The application code initiates requests to the server through calls to engine APIs.

Figure 2. Server-centric vs. client-centric framework architecture
Figure 3 breaks this axis down further. The differences between the two client-side columns of the table
are mostly about the level at which the framework expects programming to be done. The right-most
entries are essentially JavaScript libraries, which are usually more concerned with plumbing
than UI. UI layout using these can be expressed in either JavaScript code or standard HTML.
In the next column to the left are higher-level frameworks that actually include an Ajax
rendering engine. These expect the user to express the widget tree in some framework-specific XML dialect,
which the engine parses and uses to construct the browser DOM that the end user actually sees and
manipulates.
On the server side of the table, the distinction is a little different. An application written using a framework from the
right column looks like a Web application: UI layout is expressed in terms of tags, and event handling that is not
expressed in declarative terms in the layout tags is written in Java. The frameworks listed in this
column offer JSF as a programming model, and data binding works in the standard way, using the JSF expression language
and managed backing beans. JavaScript is involved, of course, when the application runs in the browser, but
it is completely encapsulated by the framework and isn't visible to the application programmer.
The programs for frameworks in the left-most column actually don't look like Web applications any more. They
present a Java API that looks a lot like Swing or SWT but runs in the browser rather than on the
desktop. The developer constructs the UI by instantiating Java objects and nesting them inside one another.
All event handling is done in Java. Again, JavaScript is involved, but it's not exposed to the programmer.
This model has the greatest potential to be disruptive to Web application development, because it's Web
programming without markup. These frameworks can sometimes even offer to run the resulting application
either in the browser as a Web application, or as a desktop application that's completely independent of the browser.

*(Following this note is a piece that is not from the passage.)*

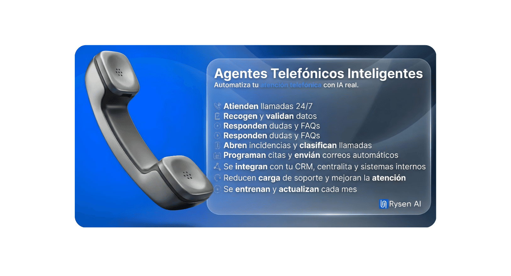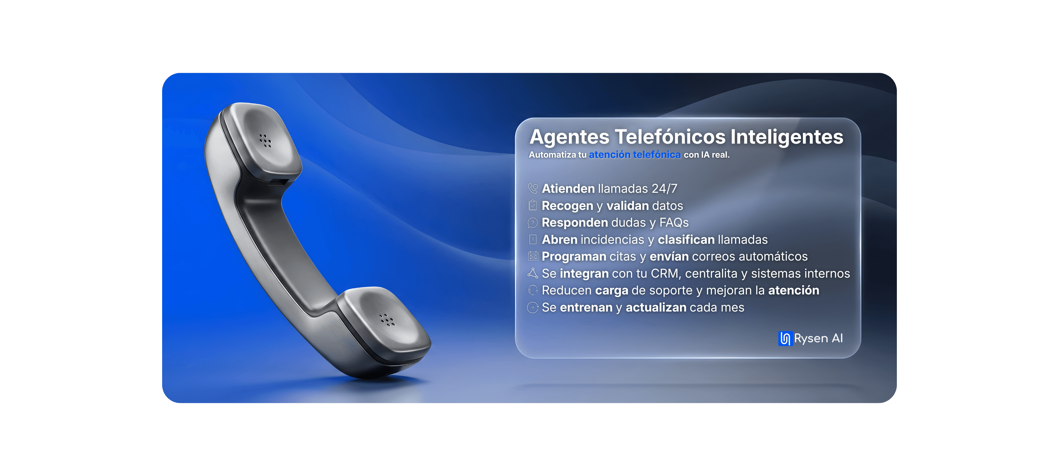 Desde agentes de voz hasta automatizaciones completas, Rysen AI te ayuda a reducir costes, mejorar tu soporte y liberar tiempo en tu equipo.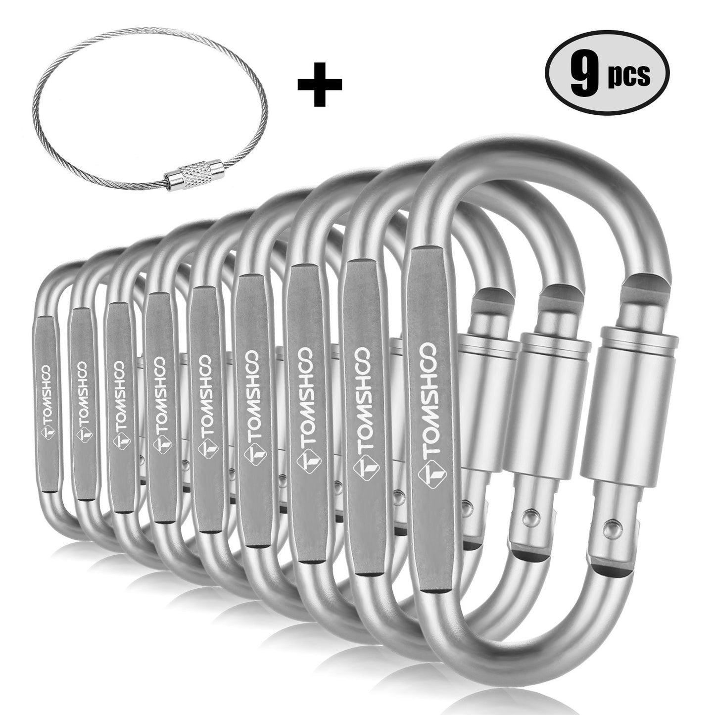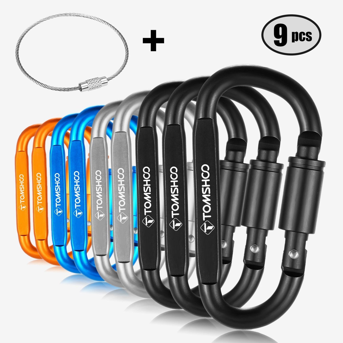 - Packaged Set: Includes a set of 9 carabiners with a convenient steel wire ring for easy storage and organization.

Figure 3. Server-centric vs. client-centric framework table
In both server-centric models, if programmers need functionality that's not provided by the framework,
they can add new widgets, and in this case they may be programming in JavaScript. But adding a new widget
is not the role that the framework envisions for most of its clients; it's supposed to be the exception
rather than the rule.
Does all this indicate a trend away from the browser, toward the server? A class of applications will be well-suited to server-centric frameworks. For example, a data-entry application like a travel Web site
may well find enough richness in a server-centric framework to satisfy its requirements. The SWT-like
API is a very interesting alternative. Applications that
need wild special effects and a lot of fast event processing on the client that's not supplied
in an encapsulated widget will probably gravitate toward the client side for the foreseeable future.